- _Task details_:
In your copy of the data, omit the pictures and keep all else exactly as given.

- _Information provided_:
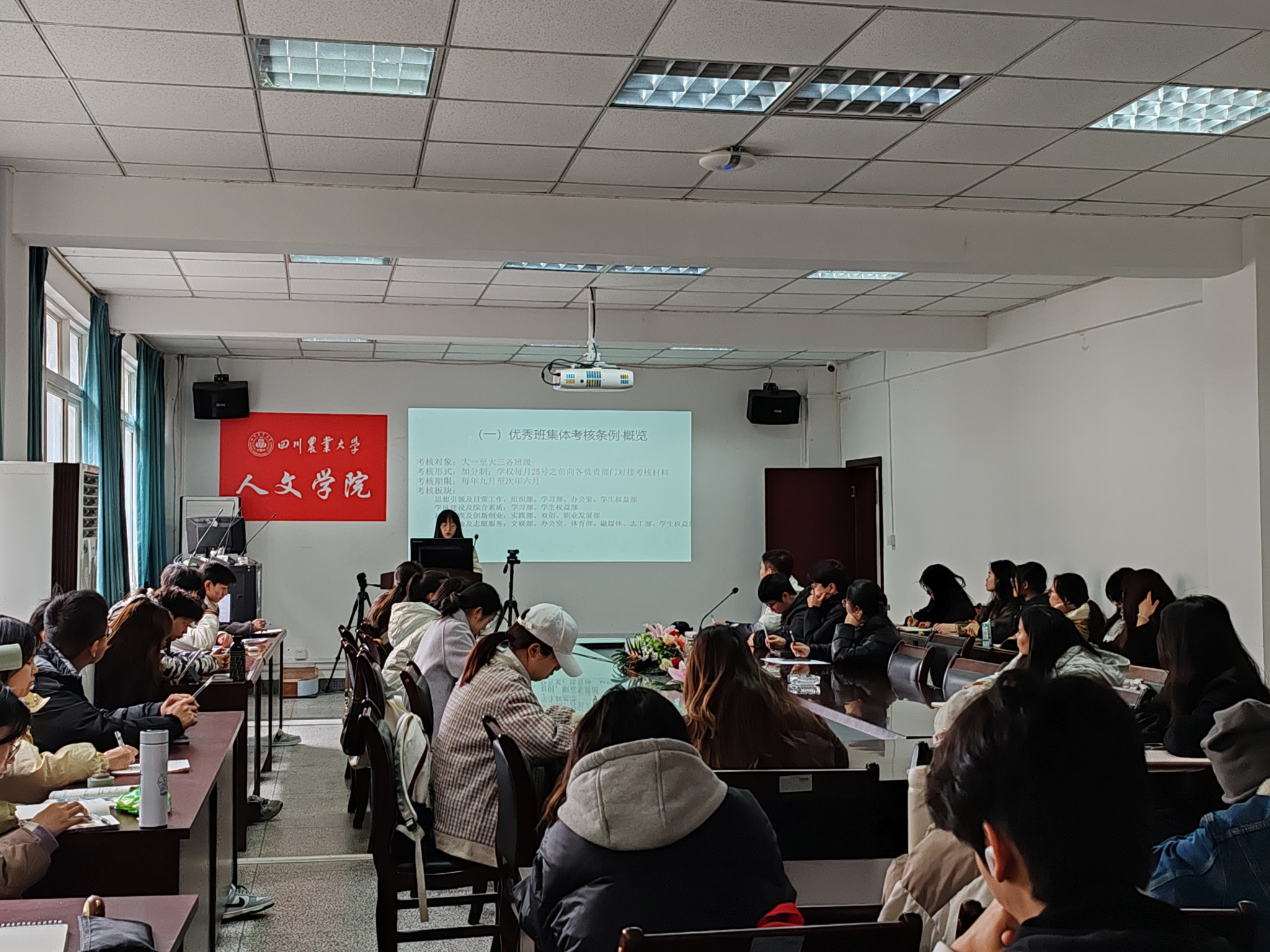 首先,沙学琳明确指出优秀班集体考核的对象、方式、期限等信息。随后,她围绕“思想引领”、“日常工作及学风建设”、“综合素质工作及社会实践活动”、“创新创业活动及文体活动”、“志愿服务活动”五个方面展开详细论述,强调了思想引领板块中的青年大学习以及志愿服务工作的重要性,鼓励同学们积极参与志愿服务工作,按时完成青年大学习。在最后的提问环节,沙学琳细致解答了同学们关于考核条例的疑惑。
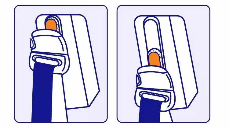 2.坐在车座上,一手拉出安全带,另一只手握住卡扣处,将卡扣片与卡扣处卡紧,以确保安全带牢牢拴住身体。
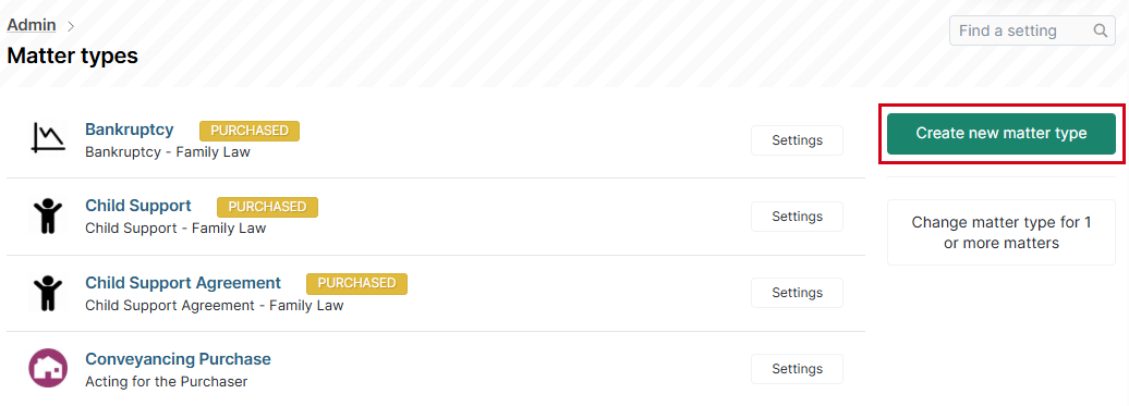 This article covers creating a new matter type; however, you can also use these instructions to edit the settings for an existing matter type. (You can do this by going to Admin > Matter Types and then click Settings for the matter type you want to edit. Then, click Edit for the Matter type settings section.)

- _Output_:
 首先,沙学琳明确指出优秀班集体考核的对象、方式、期限等信息。随后,她围绕“思想引领”、“日常工作及学风建设”、“综合素质工作及社会实践活动”、“创新创业活动及文体活动”、“志愿服务活动”五个方面展开详细论述,强调了思想引领板块中的青年大学习以及志愿服务工作的重要性,鼓励同学们积极参与志愿服务工作,按时完成青年大学习。在最后的提问环节,沙学琳细致解答了同学们关于考核条例的疑惑。
 2.坐在车座上,一手拉出安全带,另一只手握住卡扣处,将卡扣片与卡扣处卡紧,以确保安全带牢牢拴住身体。
 This article covers creating a new matter type; however, you can also use these instructions to edit the settings for an existing matter type. (You can do this by going to Admin > Matter Types and then click Settings for the matter type you want to edit. Then, click Edit for the Matter type settings section.)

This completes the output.